Мария Антуанетта | страница 10
Ритуал передачи австрийской эрцгерцогини французской стороне включал в себя подписание соответствующего документа, вокруг которого немедленно разгорелся яростный спор: подпись какой стороны должна стоять первой? После долгих препирательств решили, что во французском варианте документ первыми подпишут французы, а в немецком — австрийцы. Согласно ритуалу передачи дофину освобождали от всего австрийского, включая чулки и рубашку, и облачали во все французское. Ее провели в срединный зал, где, испуганно глядя на сновавших вокруг нее женщин, она застыла, крепко прижав к груди мопса, и молча позволила переодеть себя. Она впервые подвергалась процедуре публичного переодевания. Когда наконец процедура завершилась, чьи-то властные руки отобрали у нее собачку: строгий ритуал не дозволял оставить даже домашнего любимца, ибо тот был австрийского происхождения. Пройдет некоторое время, и Мерси выпишет в Версаль собак дофины, включая крупного боксера, но потом пожалеет об этом, ибо, по его мнению, они отвлекали Марию Антуанетту от серьезных дел.
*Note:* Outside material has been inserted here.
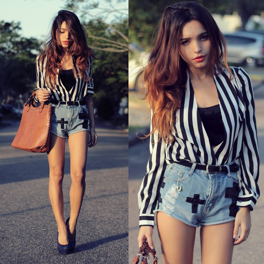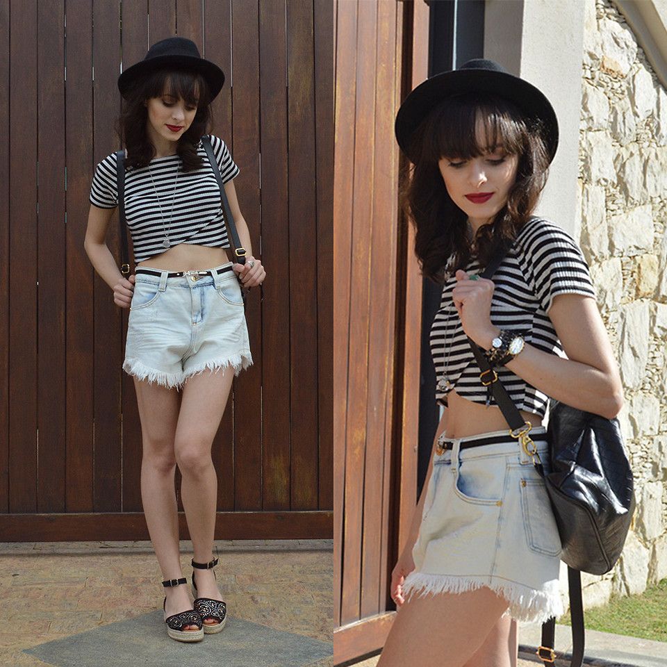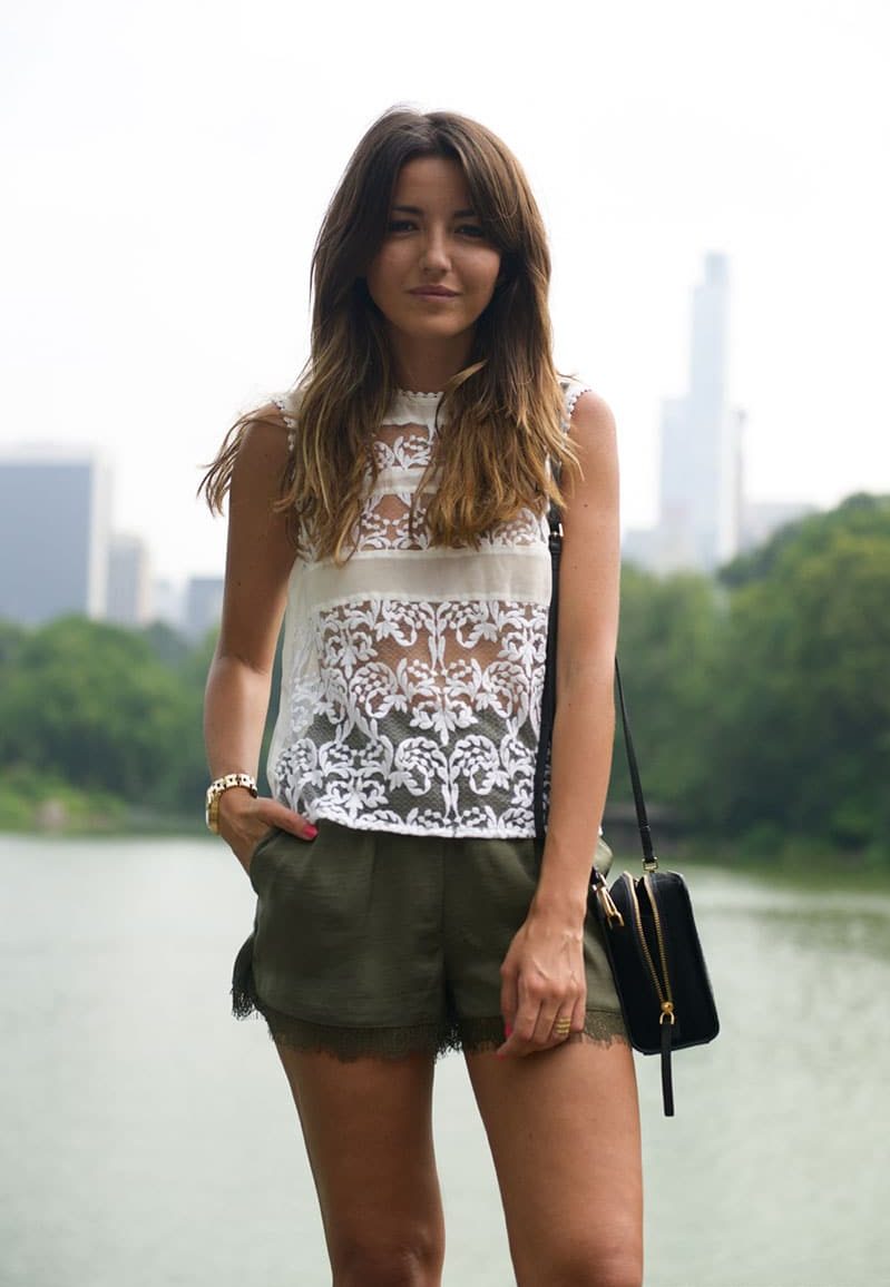 A monochrome look will help you create shorts and your top in a single color. For an interesting look, you can choose shorts in a checkered or striped print. If you want a contrast of colors, then you can choose shorts in dark color, and your top in light and vice versa.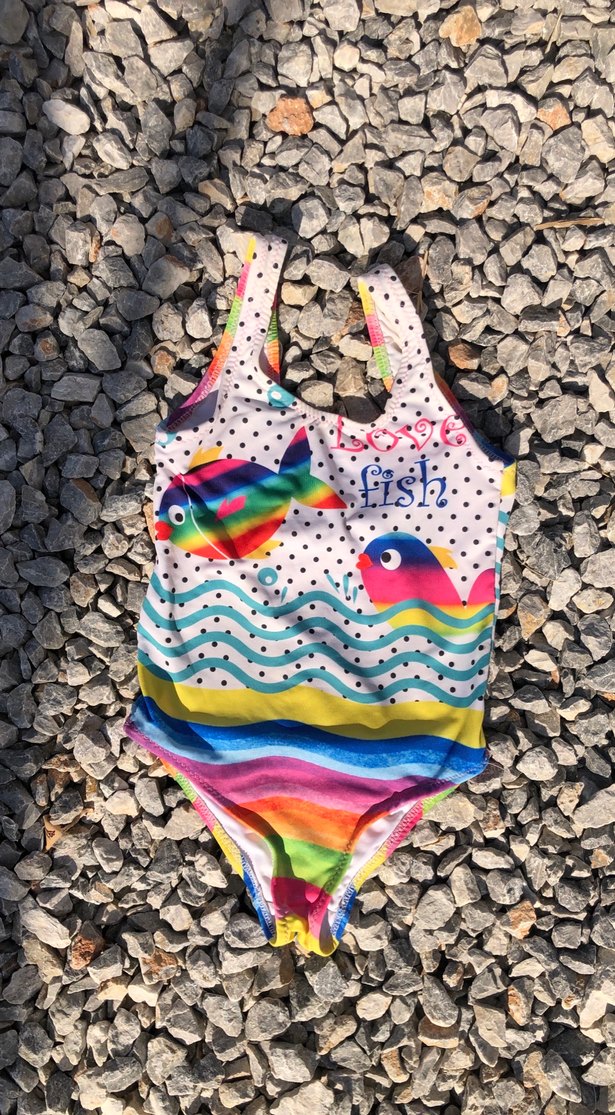 Renkli balık ve dalga desenleriyle kız çocuk mayo. Kolsuz ve plaj için uygun, pop kültür tarzında.

В роскошном, сшитом по последней французской моде платье с пышной юбкой на каркасе, увешанная драгоценностями, Мария Антуанетта преобразилась: у нее высохли последние слезы грусти. Снедаемая любопытством, она вступила на французскую половину и среди многочисленной французской свиты принялась искать глазами графиню де Ноайль, о которой писала ей матушка. Распознав графиню, Мария Антуанетта с детской непосредственностью бросилась к ней на шею и звонким от волнения голосом попросила ее руководить ею, быть ее опорой и советчицей. От столь непринужденного поведения чопорная графиня растерялась.
Графине де Ноайль, назначенной первой фрейлиной дофины, поручили обучить Марию Антуанетту сложному версальскому этикету. Но, как пишет мадам Кампан[4], многие считали Ноайль сухой и высокомерной особой. По мнению Кампан, назубок зная все предписания этикета, мадам де Ноайль не сумела убедить принцессу в их важности, не разъяснила, что соблюдать их необходимо, чтобы внушить французам почтение к своей особе и оградить себя от ненужных сплетен. Сама Мария Антуанетта не прислушивалась к мадам де Ноайль, постоянно надоедавшей ей своими замечаниями, тем более что аббат Вермон, которому она привыкла доверять, высмеивал и Ноайль, и дорогой ее сердцу этикет. Склонная внимать скорее насмешкам, нежели доводам рассудка, дофина прозвала графиню де Ноайль «Мадам Этикет».